Records contained in a dataset
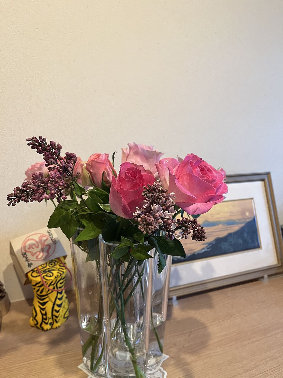 初めてのライラックと、バラが色も合っていて、よかったです! ライラックからもバラからも香りがして癒されています‼️
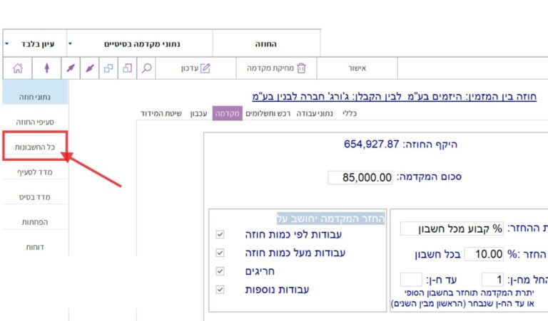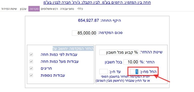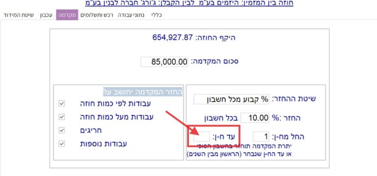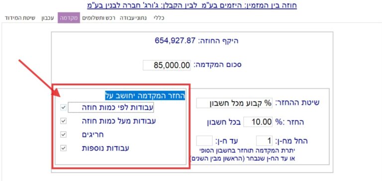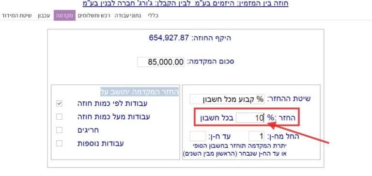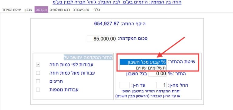 כאשר בוחרים “% קבוע מכל חשבון”, גובה הקיזוז של החזר המקדמה קשור לסכום העבודות שבוצעו בחשבון.
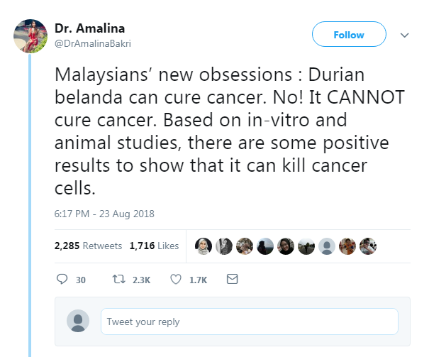 MENERUSI akaun Twitter, pelajar cemerlang SPM tahun 2004, Dr Amalina Bakri tampil membuat kenyataan menafikan dakwaan kebanyakan rakyat Malaysia yang mengatakan jus durian belanda mampu merawat kanser.
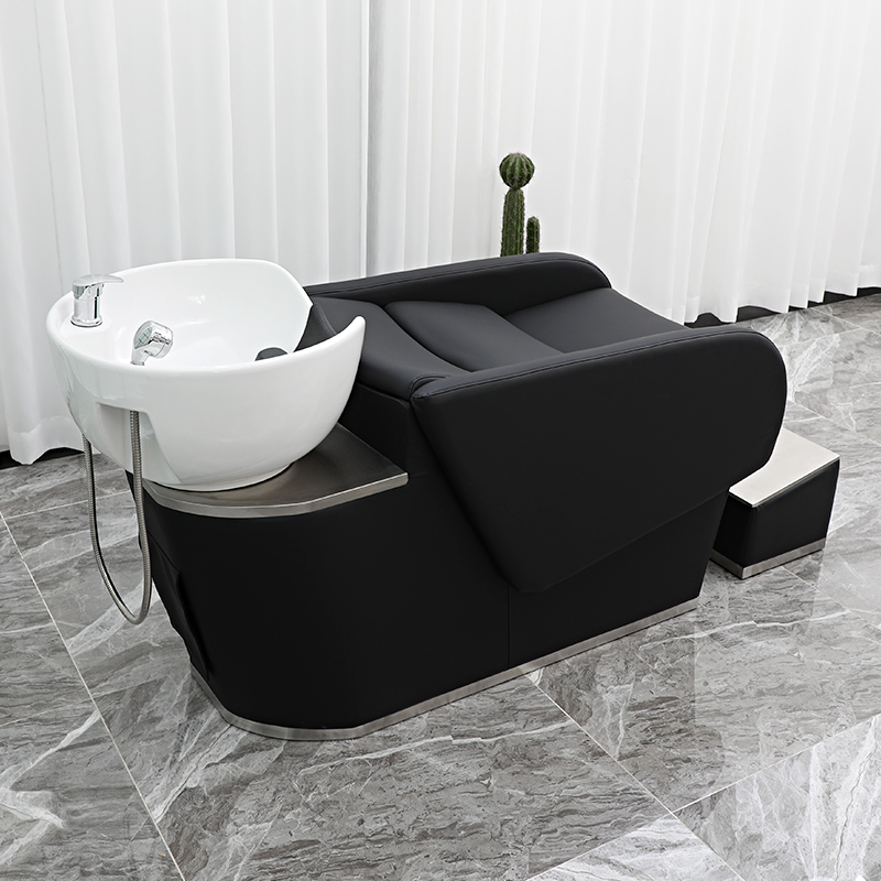 Hair salon special semi-reclining flush bed Polygine shop ceramic deep basin instant water heater integrated beauty hair washing head bed
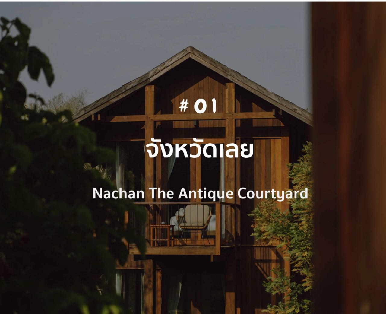 1️⃣เข้าพักที่ ‘Nachan The Antique Courtyard’ บ้านไม้ที่สร้างจากไม้เก่าทั่วประเทศไทยและวัสดุธรรมชาติ ให้ความรู้สึกอบอุ่น ดูกลมกลืน ไม่แปลกแยกจากสภาพแวดล้อมโดยรอบ บ้านพักแต่ละหลังได้รับแรงบันดาลใจจากบ้านไม้พื้นถิ่นในจังหวัดเลย และทุกหลังก่อสร้างโดยช่างท้องถิ่นทั้งสิ้น
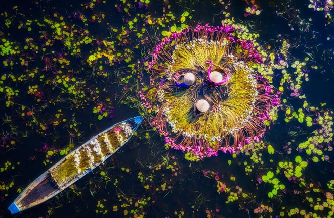 “Cosechando nenúfares” de Nguyen Tan Tuan. La foto muestra a mujeres cosechando nenúfares en campos inundados en el distrito de Mo Khoa, provincia sureña de Long An (Foto: Smithsonianmag) |
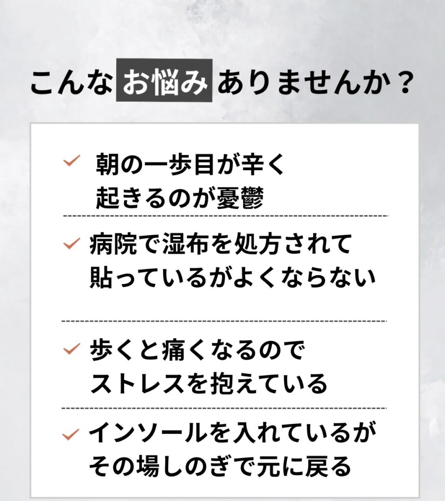 ゆうき整骨院ではそのようなどこに行っても良くならない足底筋膜炎に悩む方の駆け込み寺として多くの患者様から支持されています。一緒に改善を目指していきましょう。
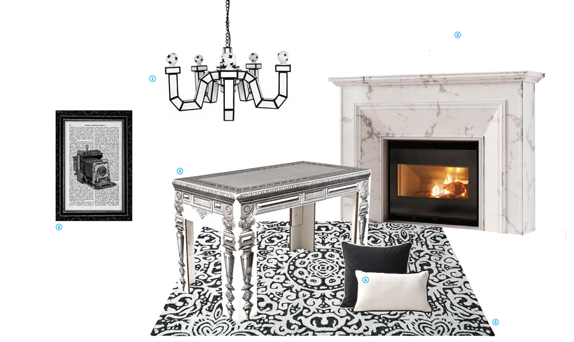 1 sospensione Cut ‘N Paste, in cartone riciclato [Seletti, ø cm 90x48h]. 2 stampa Old Camera, su fogli di vecchi dizionari destinati al macero [The Purple Hamster, cm 18x27]. 3 tavolo Luigi XVI, in cartone riciclato e stampato con forme e decori del settecento francese [Corvasce, cm 130x 80x70h]. 4 cuscini Bronte in velluto riciclato [CB2, cm 50x30 da]. 5 tappeto Arley in plastica riciclata [Fab Habitat, cm 152x244].
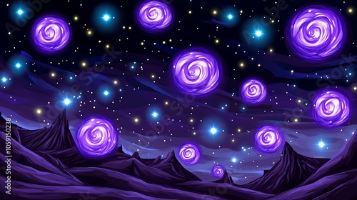 The watermark will not be included on Poster.: Purple nebula background for space themes smooth blue background with copy space for advertisements
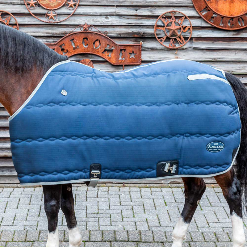 Couverture d'écurie Lamicell, modèle California, avec poitrail fermé, sangles croisées, passage de cuisse. nylon 1200D rip-stop, rembourage fiberfil 240gr. Couverture spécialement conçue pour les chevaux type "Quarter"
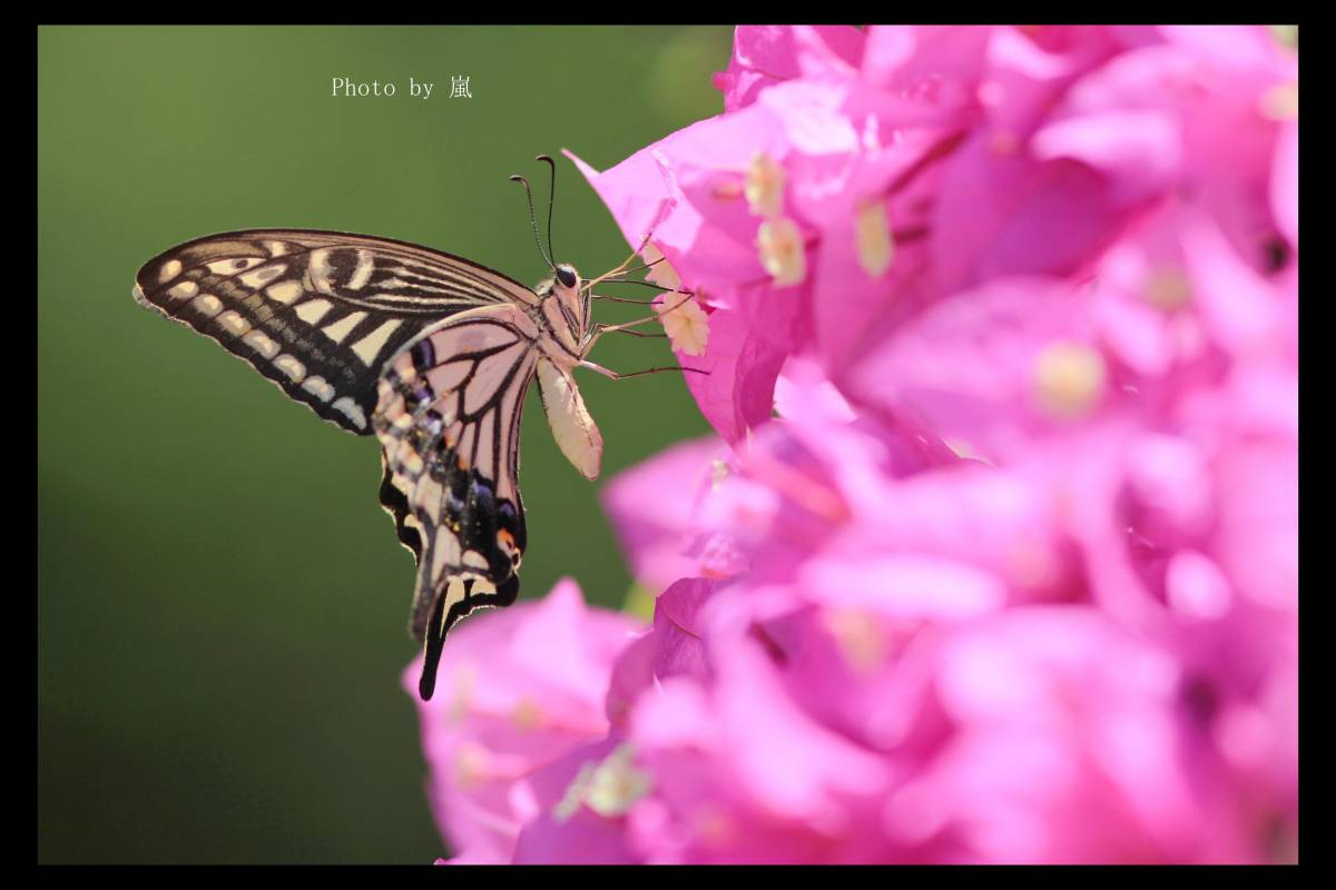 沒見過柑橘鳳蝶採三角梅, 今天竟見到了, 不過三十多度的天氣, 熱到暈.......

__EXERCISE AIM__:
Exclude the pictures, and output exactly the lines from the one with "1️⃣เข้าพักที่ ‘Nachan The" through the last line of the records, both included.

__ANSWER__:
 1️⃣เข้าพักที่ ‘Nachan The Antique Courtyard’ บ้านไม้ที่สร้างจากไม้เก่าทั่วประเทศไทยและวัสดุธรรมชาติ ให้ความรู้สึกอบอุ่น ดูกลมกลืน ไม่แปลกแยกจากสภาพแวดล้อมโดยรอบ บ้านพักแต่ละหลังได้รับแรงบันดาลใจจากบ้านไม้พื้นถิ่นในจังหวัดเลย และทุกหลังก่อสร้างโดยช่างท้องถิ่นทั้งสิ้น
 “Cosechando nenúfares” de Nguyen Tan Tuan. La foto muestra a mujeres cosechando nenúfares en campos inundados en el distrito de Mo Khoa, provincia sureña de Long An (Foto: Smithsonianmag) |
 ゆうき整骨院ではそのようなどこに行っても良くならない足底筋膜炎に悩む方の駆け込み寺として多くの患者様から支持されています。一緒に改善を目指していきましょう。
 1 sospensione Cut ‘N Paste, in cartone riciclato [Seletti, ø cm 90x48h]. 2 stampa Old Camera, su fogli di vecchi dizionari destinati al macero [The Purple Hamster, cm 18x27]. 3 tavolo Luigi XVI, in cartone riciclato e stampato con forme e decori del settecento francese [Corvasce, cm 130x 80x70h]. 4 cuscini Bronte in velluto riciclato [CB2, cm 50x30 da]. 5 tappeto Arley in plastica riciclata [Fab Habitat, cm 152x244].
 The watermark will not be included on Poster.: Purple nebula background for space themes smooth blue background with copy space for advertisements
 Couverture d'écurie Lamicell, modèle California, avec poitrail fermé, sangles croisées, passage de cuisse. nylon 1200D rip-stop, rembourage fiberfil 240gr. Couverture spécialement conçue pour les chevaux type "Quarter"
 沒見過柑橘鳳蝶採三角梅, 今天竟見到了, 不過三十多度的天氣, 熱到暈.......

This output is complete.